The (Writer-)implementation could start in March, April.. when the OOo2.0 is finished. So my request for you is to come up with a specification about the interface Writer should support. Oliver will have a look at it [to determine] if we could implement it technically. Then I'll organize development resources to do so."



Notice that there appears to be some confusion about whether we are going to provide them an "interface" or a "specification" document -- these are very, very different levels of GUI design, and the more visual the GUI design (e.g., detailed physical-display design), the more rework will have to be done if they say they cannot support something. From experience that is why I am using my iterative design process -- resolving the higher-level issues without doing visual design yields a "specification" document that makes it much easier to change when the developers say "No!" to something. At this point it definitely sounds like the GUI logical-design level (i.e, task-flow specifications) would be the appropriate deliverable, but if we could get feedback on the conceptual design (next after architectural design), that would be best!

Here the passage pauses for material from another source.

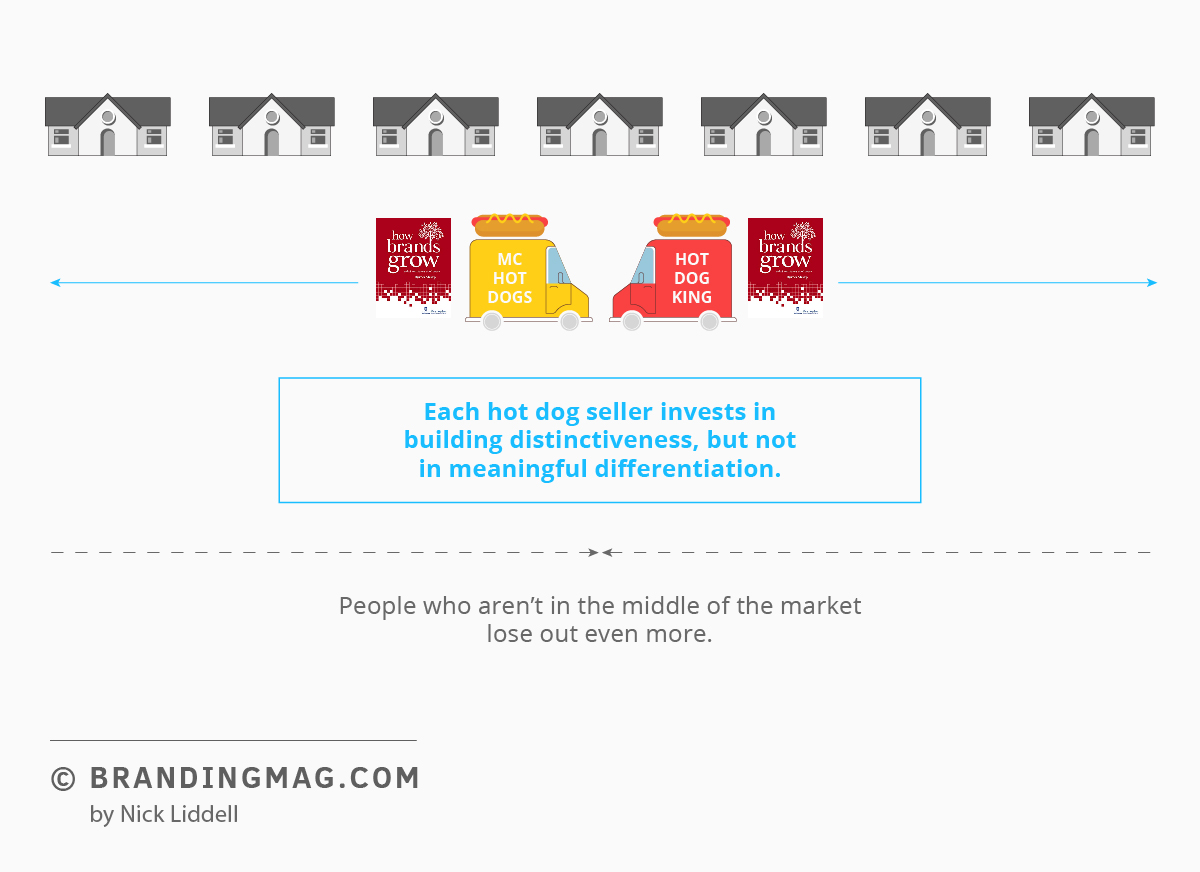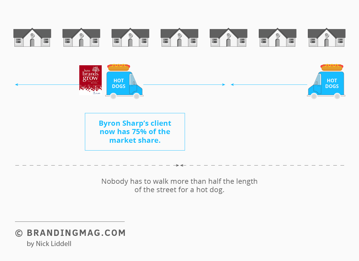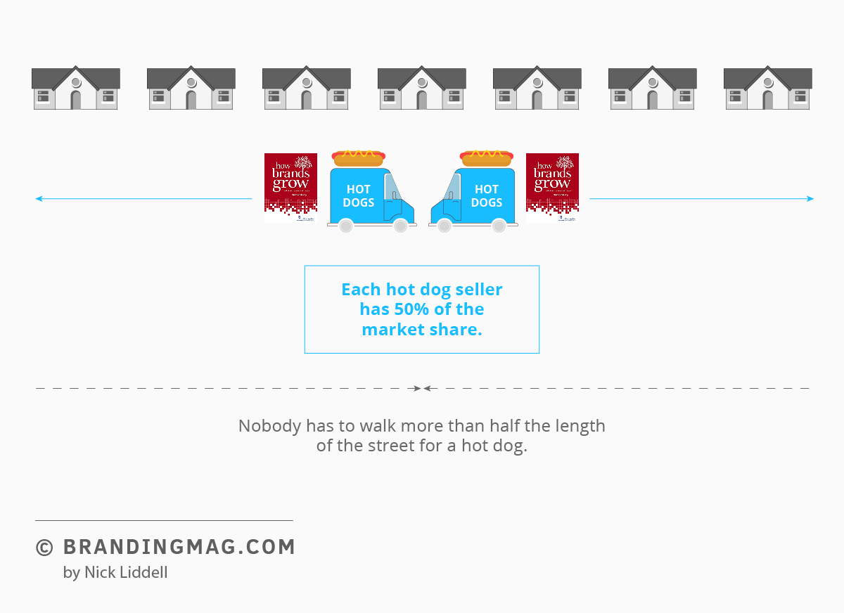 If both hot dog entrepreneurs follow Byron Sharp’s advice, they will engage in a race to the middle. The net result will be no different for each entrepreneur than if they had stayed at their end of the street: Both hot dog stands reach 50% of the market and the furthest anybody has to travel to buy a hot dog is half the length of the street.
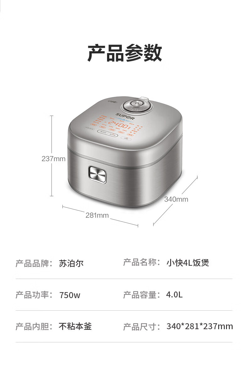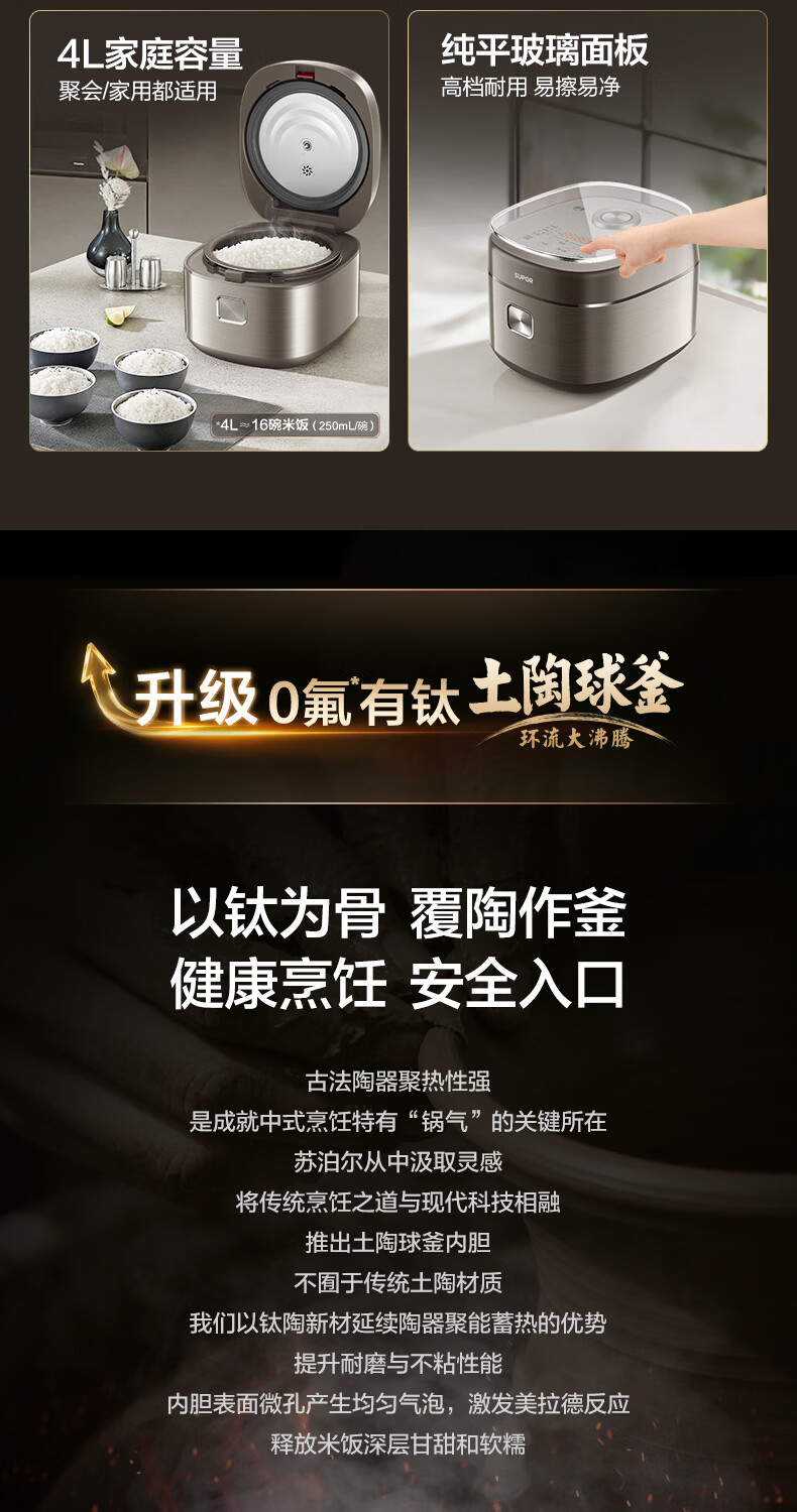 苏泊尔 柴火饭电饭煲4升大容量

Subject: Re: [dev-biblio] Initial comments on OOoBib UI Architectural Design 2.0 From: "Bruce D'Arcus" <[EMAIL PROTECTED]> Date: Sat, 26 Feb 2005 20:36:52 -0500 To: dev@bibliographic.openoffice.org

To:
dev@bibliographic.openoffice.org


I wrote this before David responded, but will send nonetheless.

On Feb 26, 2005, at 4:23 PM, Matthias Basler wrote:

I simply want to avaoid that Martha builds a nice GUI concept with us ... and at
the end the actual coders tell us they cannot do this or that in a reasonable
time frame or cannot do other things at all.


So, is the feedback from the potential coders ensured?


We still can't tell you who is going to code the GUI, nor how.

I think if we don't show people how it ought to be done, however, it won't ever happen. It's easier to scale back based on the realities of context -- and be explicit about the compromises you are making -- than to start with a compromised design.

Also, OOo is itself a bit of moving target. 2.0 adds XForms support, for example. It's currently aimed more at end users, but I happen to believe it could be expanded to make things easier for developers as well.

So, I'm not too worried about this issue.

I understand, Bruce -- but I have little interest in spending time doing rework. ;-) Thus it is critically important that we have a strong sense of what is supportable in the GUI before doing the lower-levels of GUI design.